--- Record extracts ---

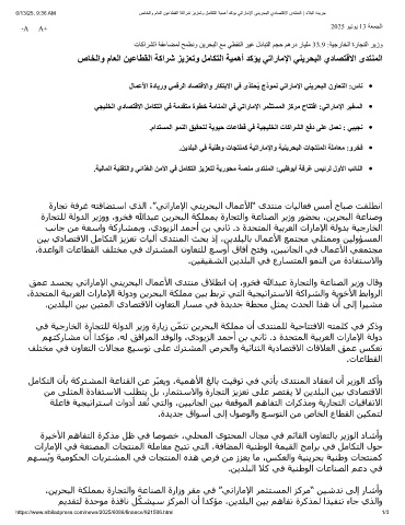 6/13/25, 9:36 AM صﺎﺧﻟاو مﺎﻌﻟا نﯾﻋﺎطﻘﻟا ﺔﻛارﺷ زﯾزﻌﺗو لﻣﺎﻛﺗﻟا ﺔﯾﻣھأ دﻛؤﯾ ﻲﺗارﺎﻣﻹا ﻲﻧﯾرﺣﺑﻟا يدﺎﺻﺗﻗﻻا ىدﺗﻧﻣﻟا | دﻼﺑﻟا ةدﯾرﺟ
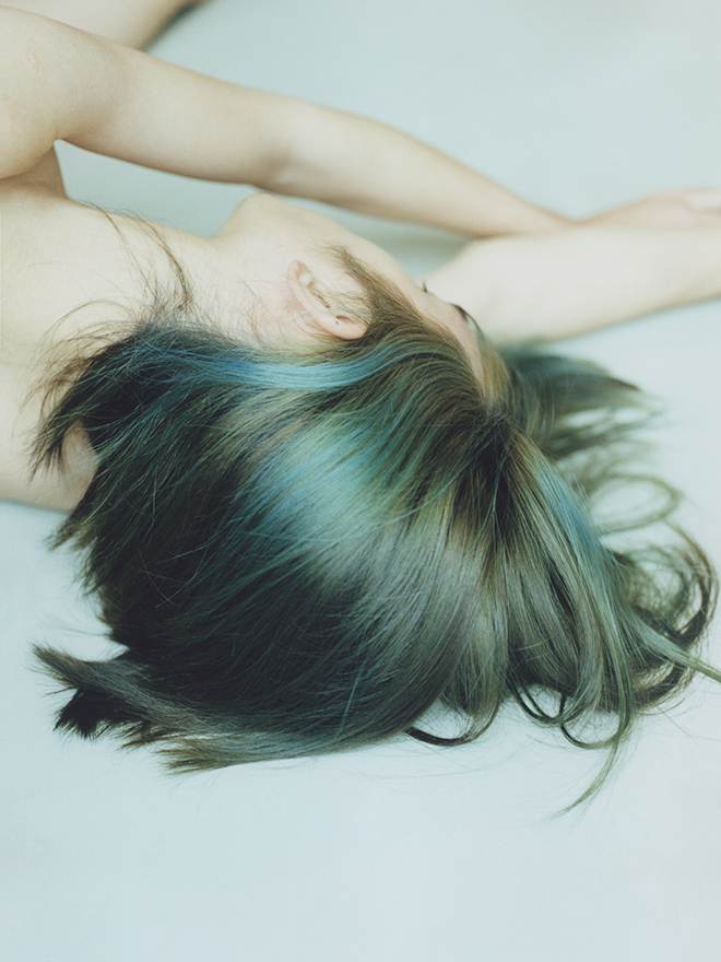 写真家、細倉真弓さんも今の時代の“Female Gaze”を体現するひとり。女性のヌードはあふれているのに男性のヌードがあまりないのはなぜだろう、という問いから発して、男性を被写体としたヌード作品を撮り始めた。ヌードといってもいわゆる肉感的・欲情的なそれではなく、細倉さんのヌード作品は一見男性か女性かわからないようなすっきりとしたからだを、独自の透明なブルーがかったようにみえる世界観を通して写したものである。その印象はなんというか、ピュアなのだ。
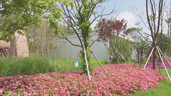 種植事業團隊駐扎花博園區四個多月,不斷對正大展館的細節進行調整優化,添加植物標識牌、在入口處加入防滑墊、設置安全游園警示牌等細節措施。
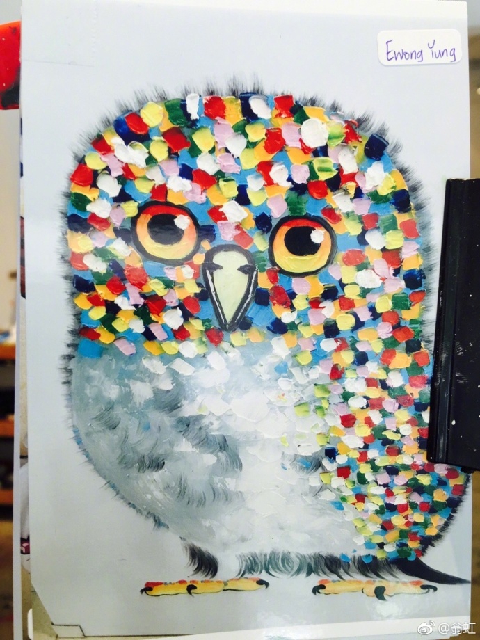 6月6日,翁虹在微博上晒出了自己的画作,她画的是一只猫头鹰,色彩斑斓,看上去萌萌哒!翁虹也开心出镜,皮肤白皙,青春似少女!
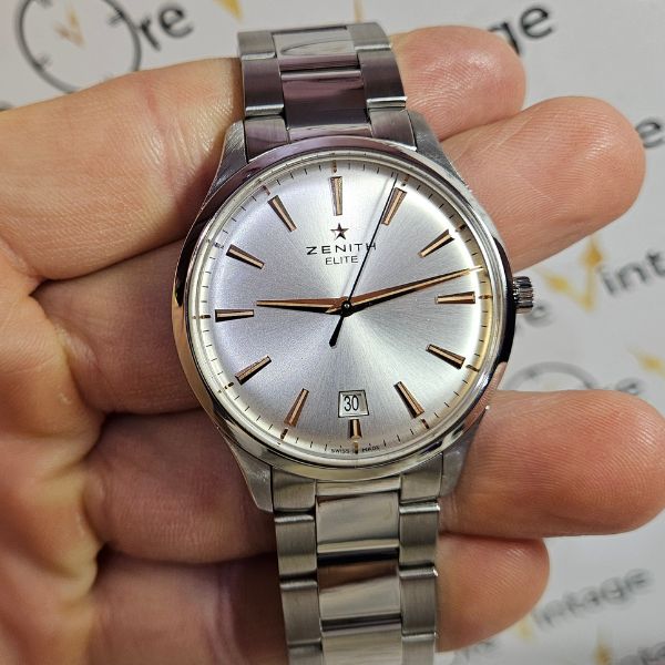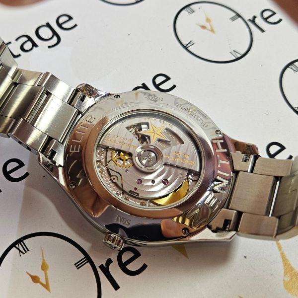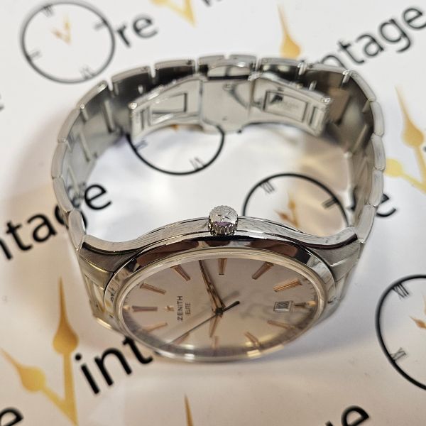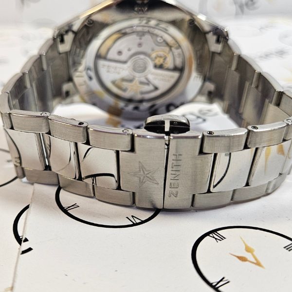 strepitoso orologio di casa Zenith con cassa in acciaio di diametro 40 mm , lug to lug di 47 mm , lo spessore è di 8 mm e la distanza tra le anse è di 20 mm . il vetro è zaffiro , la corona è a pressione e il fondello con oblò centrale è serrato con 4 viti . il movimento che anima questo orologio è a carica automatica , calibro SOTTILISSIMO di casa Zenith cal. 670 . bracciale originale

---

■ Work request ■
Would you restate, word for word, the lines from the one holding "種植事業團隊駐扎花博園區四個" through the end of the material above? Omit the pictures.

■ Exercise answer ■
 種植事業團隊駐扎花博園區四個多月,不斷對正大展館的細節進行調整優化,添加植物標識牌、在入口處加入防滑墊、設置安全游園警示牌等細節措施。
 6月6日,翁虹在微博上晒出了自己的画作,她画的是一只猫头鹰,色彩斑斓,看上去萌萌哒!翁虹也开心出镜,皮肤白皙,青春似少女!
 strepitoso orologio di casa Zenith con cassa in acciaio di diametro 40 mm , lug to lug di 47 mm , lo spessore è di 8 mm e la distanza tra le anse è di 20 mm . il vetro è zaffiro , la corona è a pressione e il fondello con oblò centrale è serrato con 4 viti . il movimento che anima questo orologio è a carica automatica , calibro SOTTILISSIMO di casa Zenith cal. 670 . bracciale originale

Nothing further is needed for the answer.